Start of SOURCE DATA

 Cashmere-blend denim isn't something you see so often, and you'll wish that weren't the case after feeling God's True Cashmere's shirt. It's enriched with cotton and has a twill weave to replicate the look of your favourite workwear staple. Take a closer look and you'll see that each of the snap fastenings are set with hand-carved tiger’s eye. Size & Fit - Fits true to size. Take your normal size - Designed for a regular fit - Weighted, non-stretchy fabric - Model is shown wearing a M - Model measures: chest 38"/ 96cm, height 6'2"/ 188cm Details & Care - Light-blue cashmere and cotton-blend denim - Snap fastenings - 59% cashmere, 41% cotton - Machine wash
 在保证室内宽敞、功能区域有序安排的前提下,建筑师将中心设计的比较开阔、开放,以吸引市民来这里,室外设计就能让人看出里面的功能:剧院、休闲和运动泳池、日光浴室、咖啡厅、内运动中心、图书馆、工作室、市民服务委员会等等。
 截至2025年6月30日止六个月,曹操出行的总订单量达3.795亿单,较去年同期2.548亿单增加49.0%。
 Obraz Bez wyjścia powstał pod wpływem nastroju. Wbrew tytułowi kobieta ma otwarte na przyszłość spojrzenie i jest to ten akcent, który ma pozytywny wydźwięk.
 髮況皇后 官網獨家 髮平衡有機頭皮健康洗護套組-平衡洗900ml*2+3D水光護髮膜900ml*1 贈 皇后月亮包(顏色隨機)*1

End of SOURCE DATA
Start of SOURCE DATA

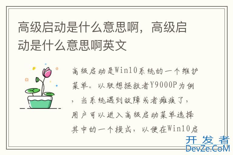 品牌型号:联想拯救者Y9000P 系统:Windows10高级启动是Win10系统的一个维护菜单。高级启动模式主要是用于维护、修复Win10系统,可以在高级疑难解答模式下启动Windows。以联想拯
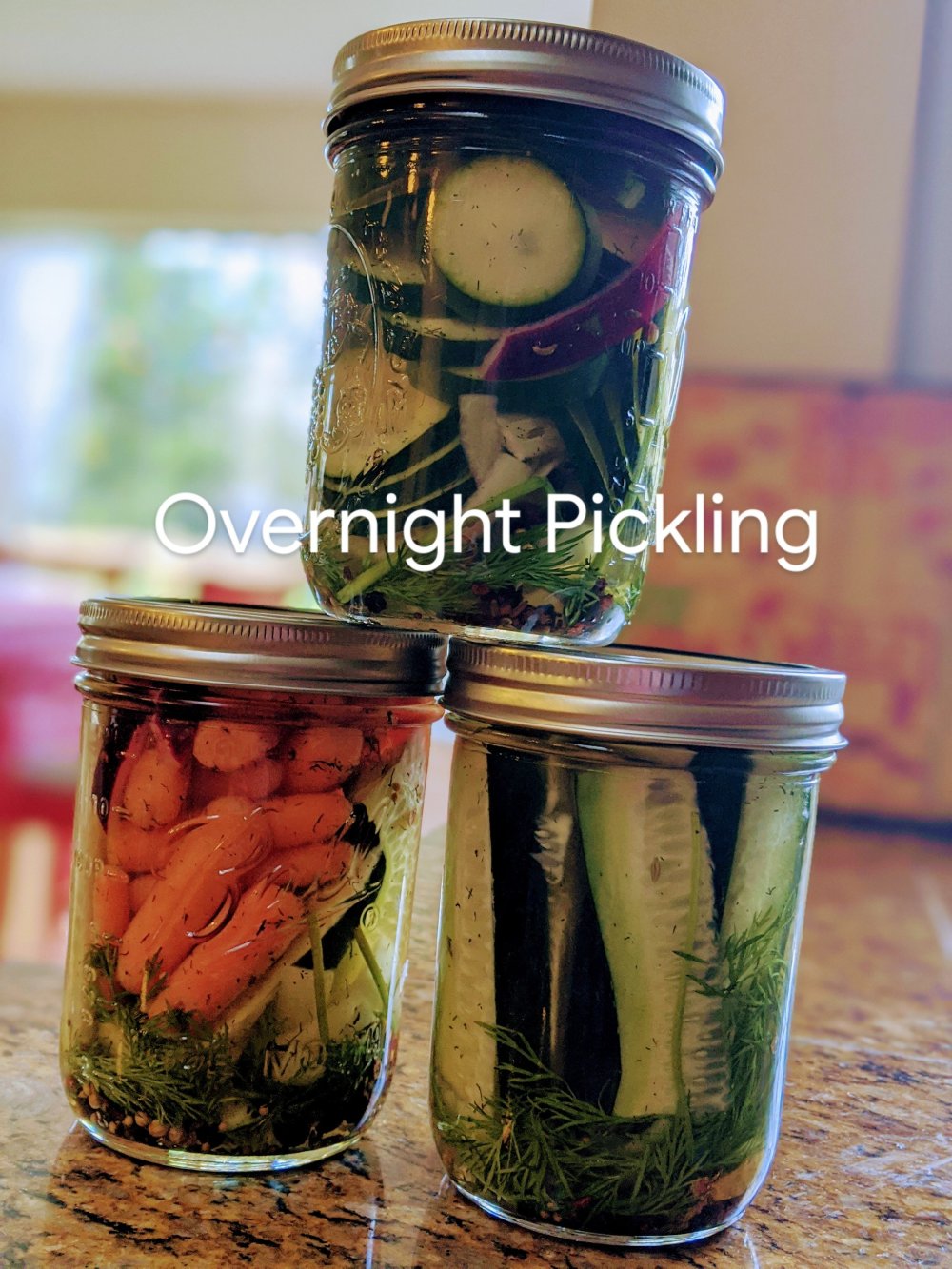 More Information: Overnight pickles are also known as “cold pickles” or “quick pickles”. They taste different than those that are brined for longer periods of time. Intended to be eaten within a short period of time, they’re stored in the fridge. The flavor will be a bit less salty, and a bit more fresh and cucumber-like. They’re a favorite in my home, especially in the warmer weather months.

End of SOURCE DATA

Would you please copy, word for word, everything above from the line containing "Obraz Bez wyjścia" down to the line containing "髮況皇后 官網獨家 髮平衡有機頭皮健康洗護套組-平衡洗900ml*2+3D水光護髮膜900ml*1", those two lines included?

→ **TASK OUTPUT**
 Obraz Bez wyjścia powstał pod wpływem nastroju. Wbrew tytułowi kobieta ma otwarte na przyszłość spojrzenie i jest to ten akcent, który ma pozytywny wydźwięk.
 髮況皇后 官網獨家 髮平衡有機頭皮健康洗護套組-平衡洗900ml*2+3D水光護髮膜900ml*1 贈 皇后月亮包(顏色隨機)*1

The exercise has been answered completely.